- [Task]: This task calls for the lines below starting at the one containing "Kit de sujeción" and ending at the one containing "ふんわりスカート チュチュ チュールスカートワンピース", repeated exactly with both ends kept and pictures left out.

[Excerpts from a dataset]

**********

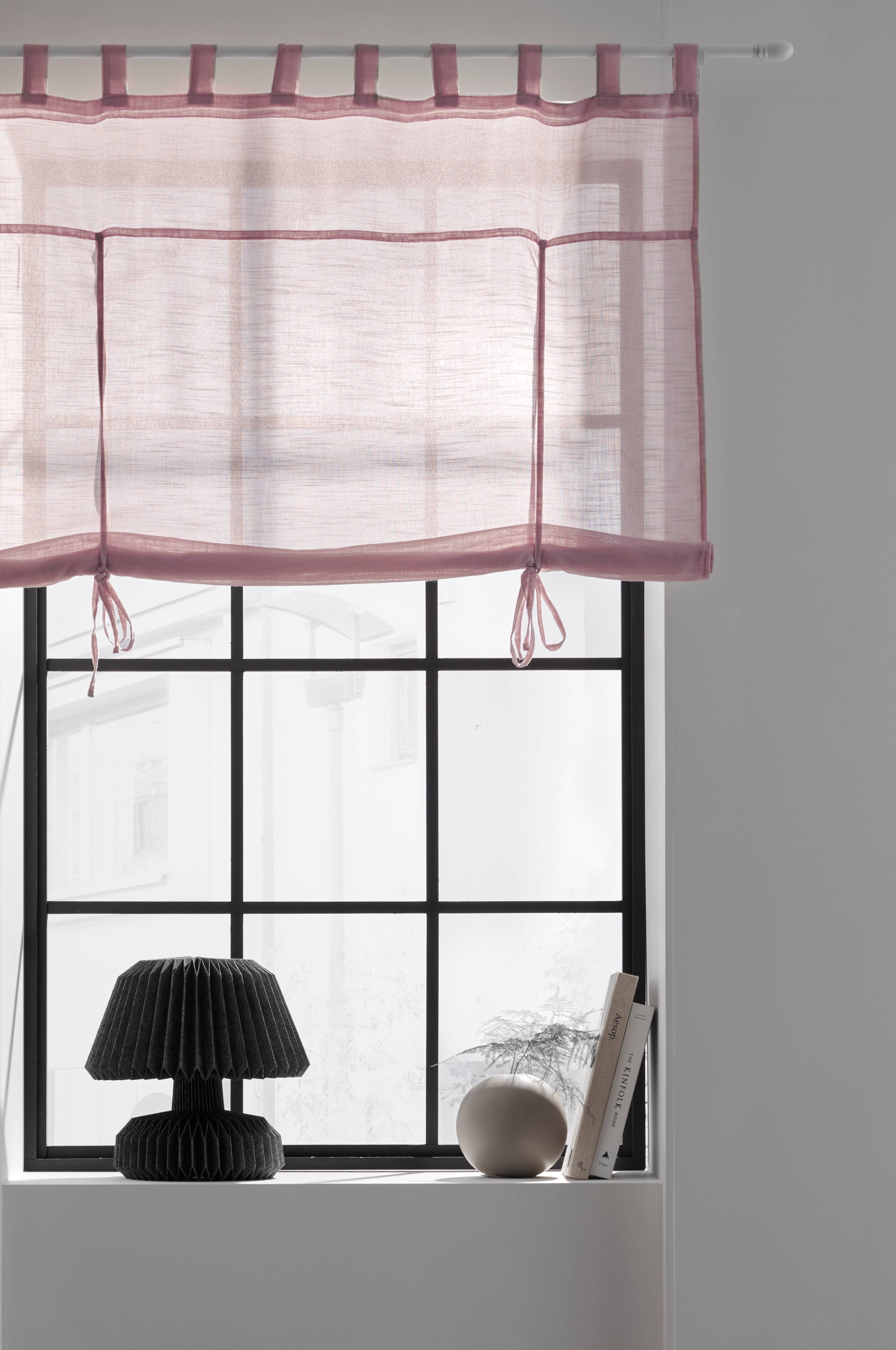 Roll up-gardin av skir polyester med struktur i linnelook. Gardinen rullas upp och fästs med knytband. Med hällor som träs på gardinstång. Använd gärna en rundstav nedtill (ingår ej).
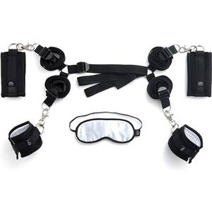 Kit de sujeción de cama con venda para los ojos para un juego de bondage seguro.
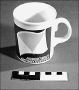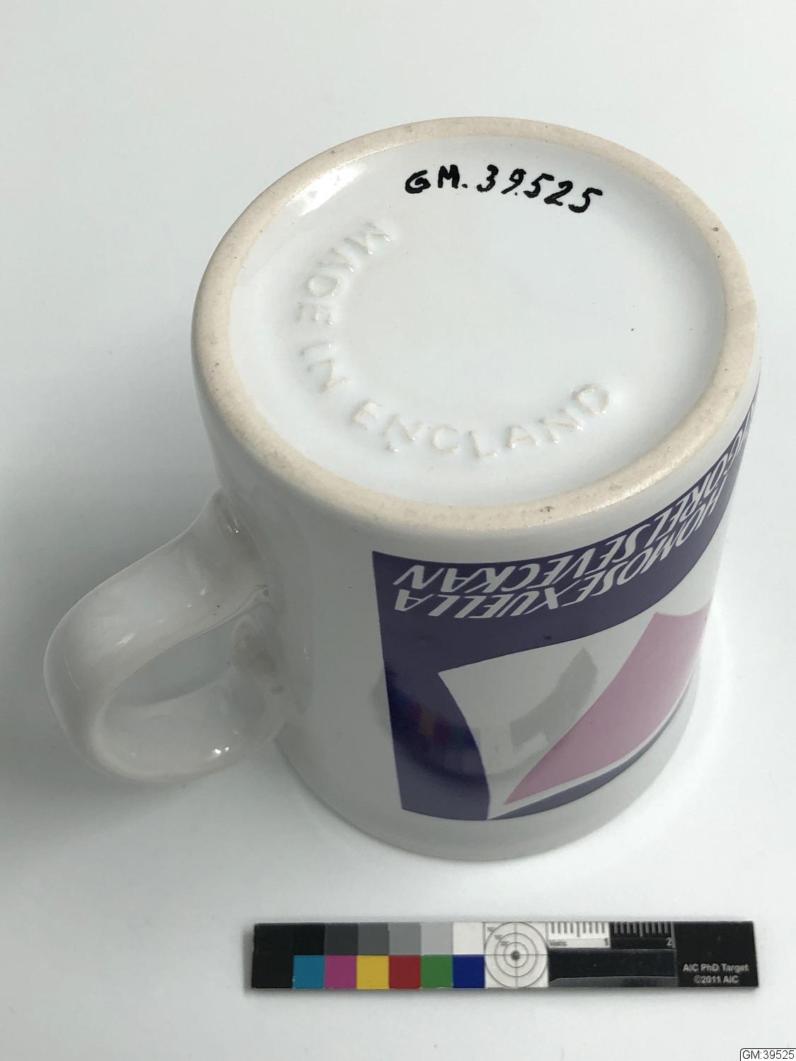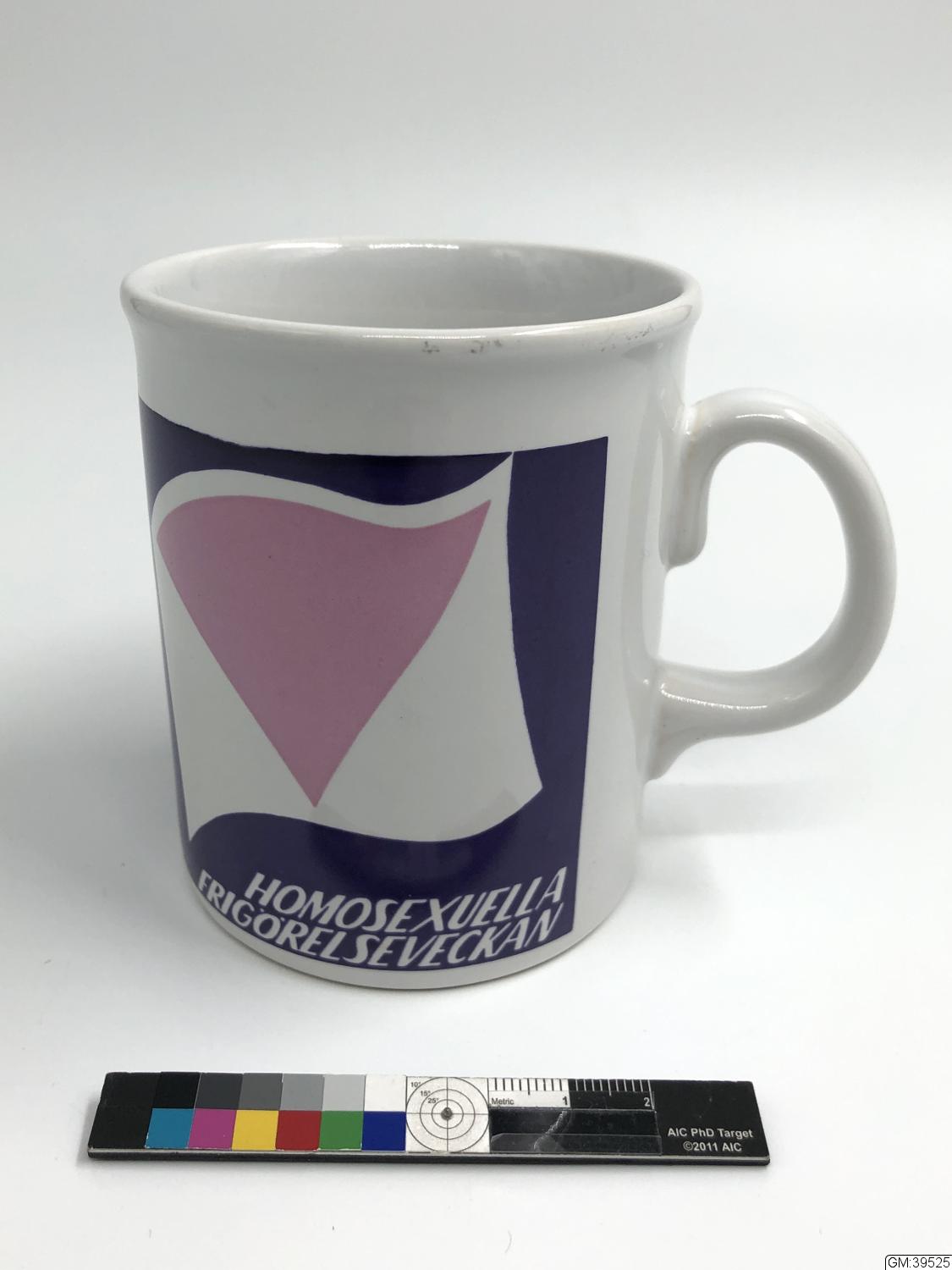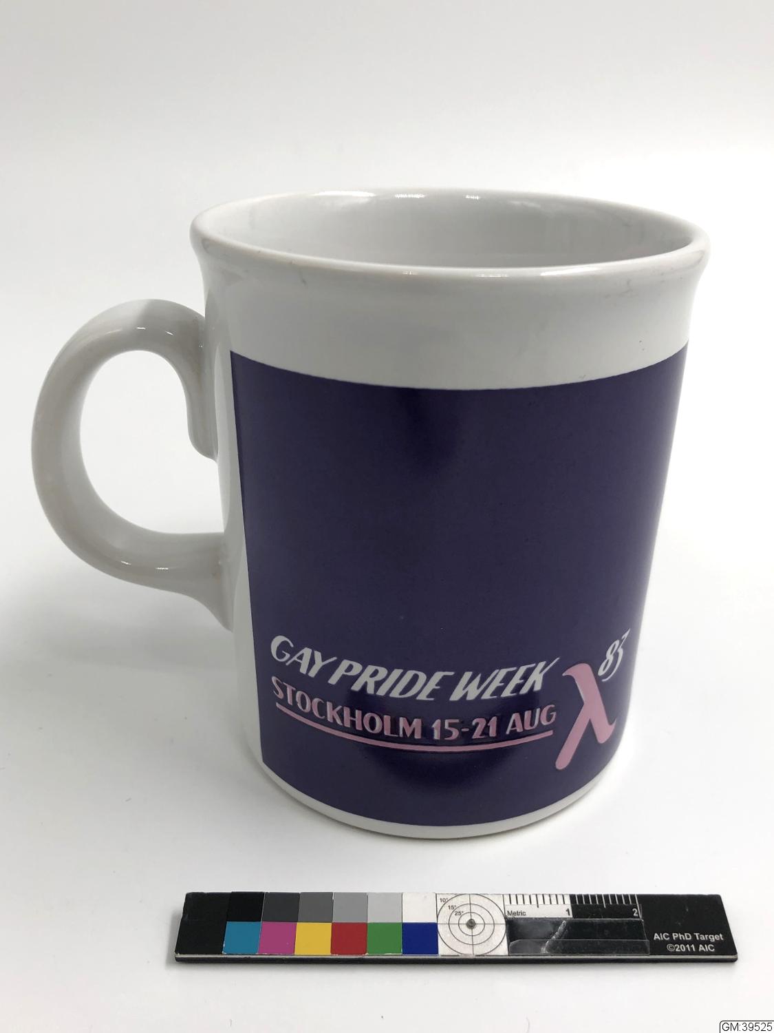 Vit keramikmugg med hänkek som är täckt av ett lila fält, i övrigt vit. Den återger en vit fana med en rosa triangel, ett rosa lambdamärke och texten "Gay Pride Week, Stockholm 15-21 aug 83, homosexuella frigörelseveckan" i rosa och vita bokstäver. Muggens botten har inskriften "Made in England".
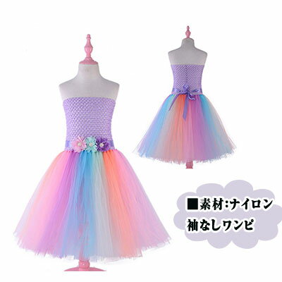 【2個以上50%OFFクーポン】ハロウイン 衣装 子供 女児 女の子 レインボー風淡いパステルカラーのハロウィンコスプレ衣装 ワンピース+頭飾りの2点セット 90 100 120 140 160 オフショルダー ふんわりスカート チュチュ チュールスカートワンピース
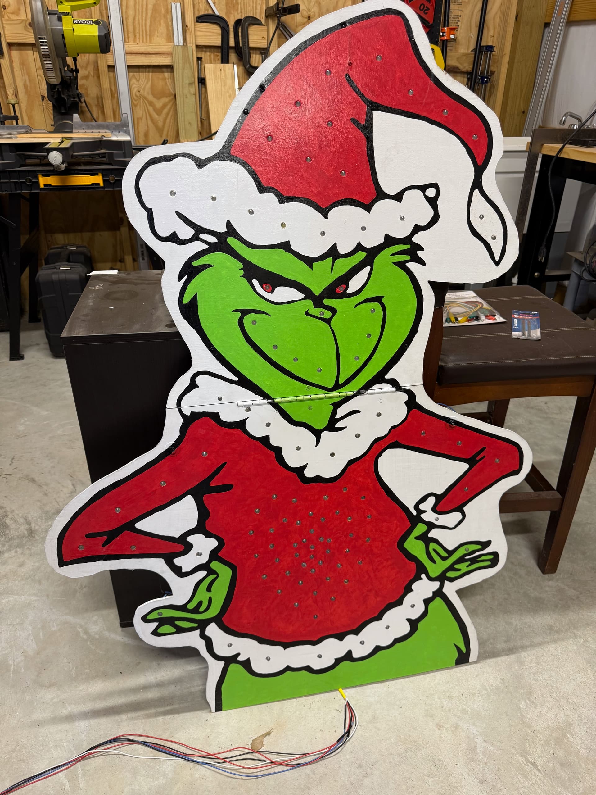 For a long time I’ve wanted to build some plywood yard art for the holiday season. For copyright reasons I’ll just refer to him as Grumpy Guy. I created this in Inkscape, then cut many scaled versions on the Glowforge trying out various layouts for the LEDs. The finished version was made out of 1/4” ply and was a little too big for the forge. I’m uploading the SVG without the LED holes but just ask and I can provide those too.
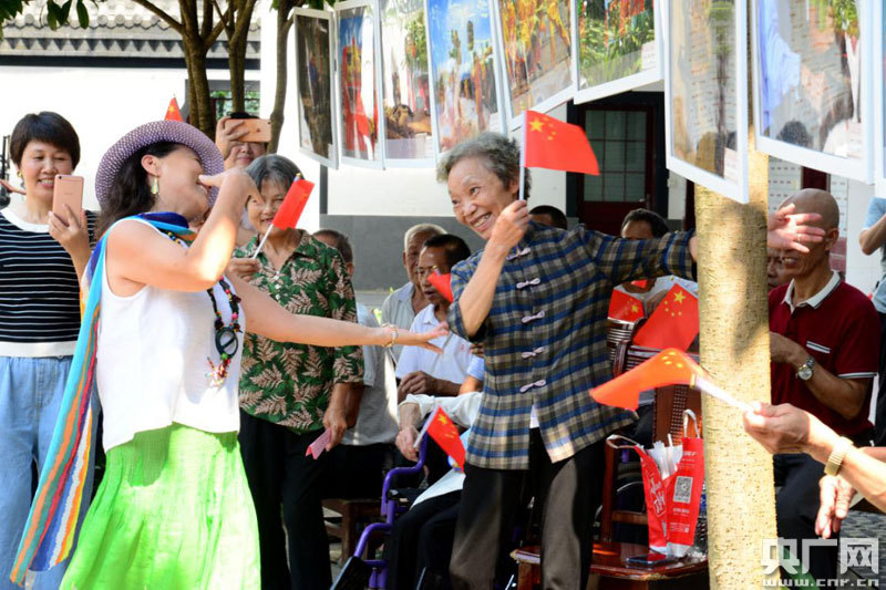 “毛衣奶奶”謝芝蘭帶領志愿者和老人們載歌載舞歡度國慶(央廣網(wǎng)發(fā) 通訊員供圖)
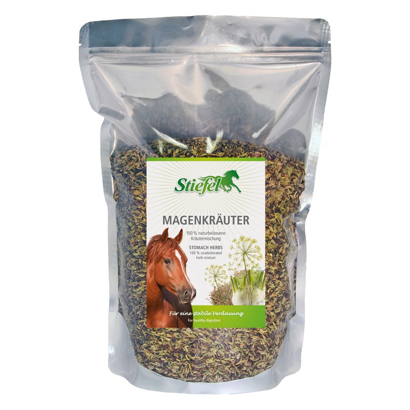 Aanvullend diervoeder voor paarden Stiefel Maagkruiden is een speciaal geselecteerd, natuurlijk kruidenmengsel bedoeld om de maag van het paard te stabiliseren. De kruiden kunnen een positief effect hebben op de natuurlijke werking van de maagwand, de spijsvertering optimaliseren en de normale werking bevorderen consistentie van de ontlasting. Voedingsaanbevelingen: Grote paarden (600 kg KGW) 30 - 50 g /dag Kleine paarden 15 - 25 g /dag Gedroogd of gebrouwen met de infusie door het voer mengen. Voedingsduur: Minimaal 20 dagen, indien nodig kan langer worden gegeven. Bijzonder aanbevolen is het voeren als vers gezette thee. Bij langdurige spijsverteringsproblemen raden wij aan om als behandeling de Stiefel Maagkruiden en Stiefel Darmkruiden af te wisselen. Opmerking antidoping- en medicatievoorschriften: 48 uur volgens de Duitse nationale federatie (stand 28.06.21) Samenstelling: 45% venkelzaad [1]25% anijszaad [1]30% karwijzaad [1] Inhoud: 1 kg
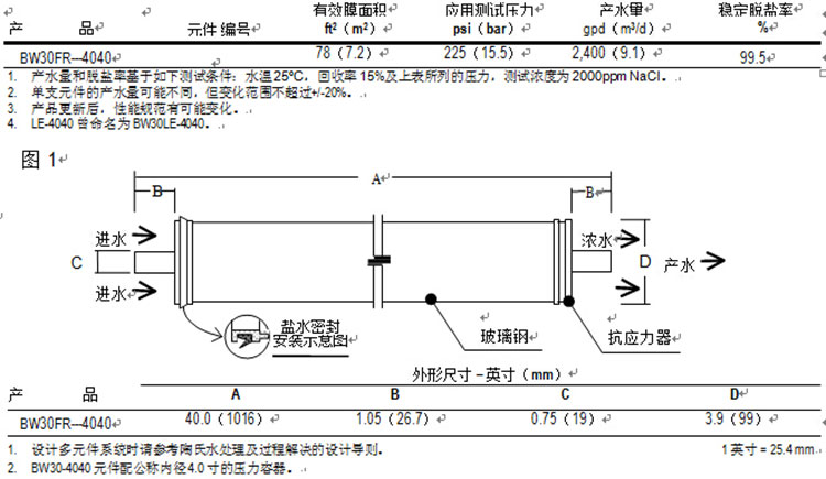 ? 陶氏BW30FR-4040成為目前反滲透膜工業界公認的抗污染、性能穩定、產水水質高的反滲透膜元件標準。

**********

- [Exercise response]:
 Kit de sujeción de cama con venda para los ojos para un juego de bondage seguro.
 Vit keramikmugg med hänkek som är täckt av ett lila fält, i övrigt vit. Den återger en vit fana med en rosa triangel, ett rosa lambdamärke och texten "Gay Pride Week, Stockholm 15-21 aug 83, homosexuella frigörelseveckan" i rosa och vita bokstäver. Muggens botten har inskriften "Made in England".
 【2個以上50%OFFクーポン】ハロウイン 衣装 子供 女児 女の子 レインボー風淡いパステルカラーのハロウィンコスプレ衣装 ワンピース+頭飾りの2点セット 90 100 120 140 160 オフショルダー ふんわりスカート チュチュ チュールスカートワンピース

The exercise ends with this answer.